Action item
In the entries below, begin at the line that has "今日は給食の歴史を振り返る献", stop after the line that has "試合:B級昇格に大手の小原は", and output those lines exactly with no pictures.

Extracted information
***

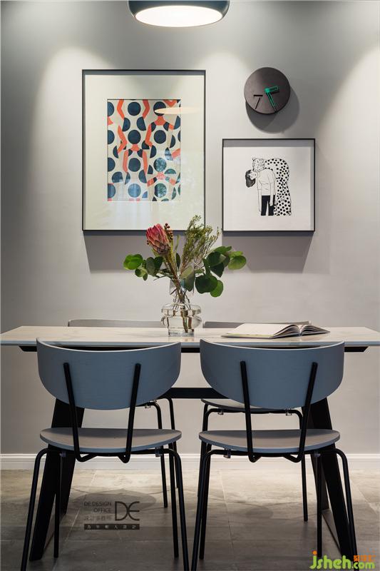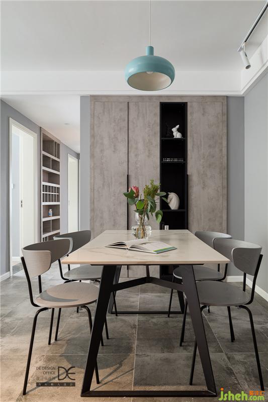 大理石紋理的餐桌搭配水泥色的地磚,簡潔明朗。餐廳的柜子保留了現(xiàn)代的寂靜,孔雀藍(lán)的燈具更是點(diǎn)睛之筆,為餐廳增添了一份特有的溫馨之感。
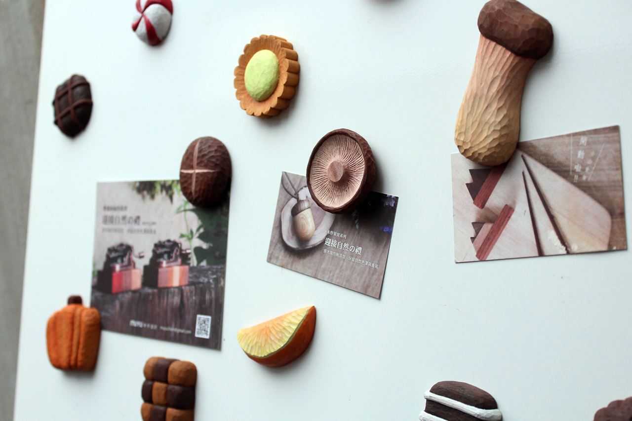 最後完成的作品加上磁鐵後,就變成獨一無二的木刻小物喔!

***

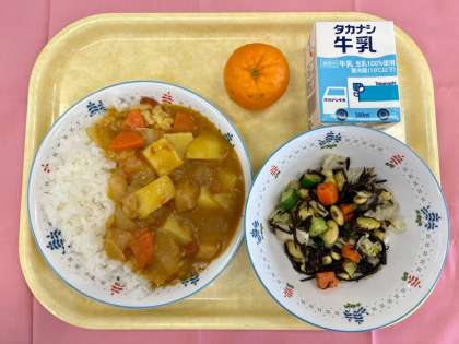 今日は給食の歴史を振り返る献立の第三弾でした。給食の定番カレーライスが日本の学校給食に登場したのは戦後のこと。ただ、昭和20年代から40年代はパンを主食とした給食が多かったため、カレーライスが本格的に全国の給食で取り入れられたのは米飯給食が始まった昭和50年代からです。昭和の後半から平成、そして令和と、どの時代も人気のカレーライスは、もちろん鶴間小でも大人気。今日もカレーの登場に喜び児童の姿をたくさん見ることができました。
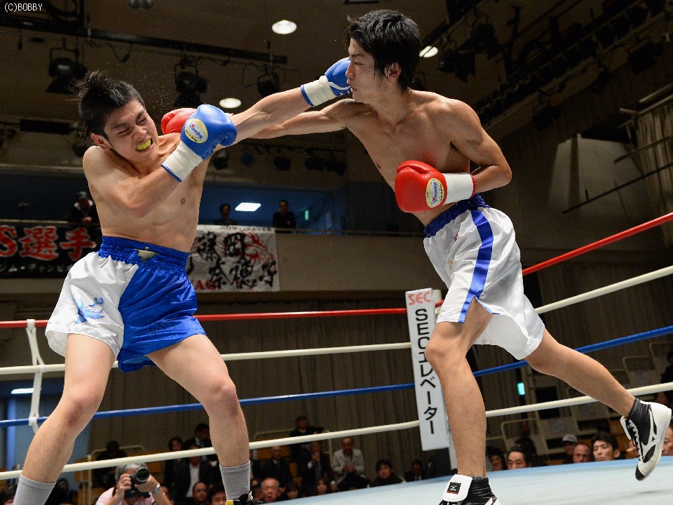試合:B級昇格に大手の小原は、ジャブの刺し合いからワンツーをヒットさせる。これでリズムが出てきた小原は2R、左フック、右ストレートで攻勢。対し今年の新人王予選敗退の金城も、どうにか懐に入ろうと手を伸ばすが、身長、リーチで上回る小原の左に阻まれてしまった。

***

Reply to the exercise
 今日は給食の歴史を振り返る献立の第三弾でした。給食の定番カレーライスが日本の学校給食に登場したのは戦後のこと。ただ、昭和20年代から40年代はパンを主食とした給食が多かったため、カレーライスが本格的に全国の給食で取り入れられたのは米飯給食が始まった昭和50年代からです。昭和の後半から平成、そして令和と、どの時代も人気のカレーライスは、もちろん鶴間小でも大人気。今日もカレーの登場に喜び児童の姿をたくさん見ることができました。
試合:B級昇格に大手の小原は、ジャブの刺し合いからワンツーをヒットさせる。これでリズムが出てきた小原は2R、左フック、右ストレートで攻勢。対し今年の新人王予選敗退の金城も、どうにか懐に入ろうと手を伸ばすが、身長、リーチで上回る小原の左に阻まれてしまった。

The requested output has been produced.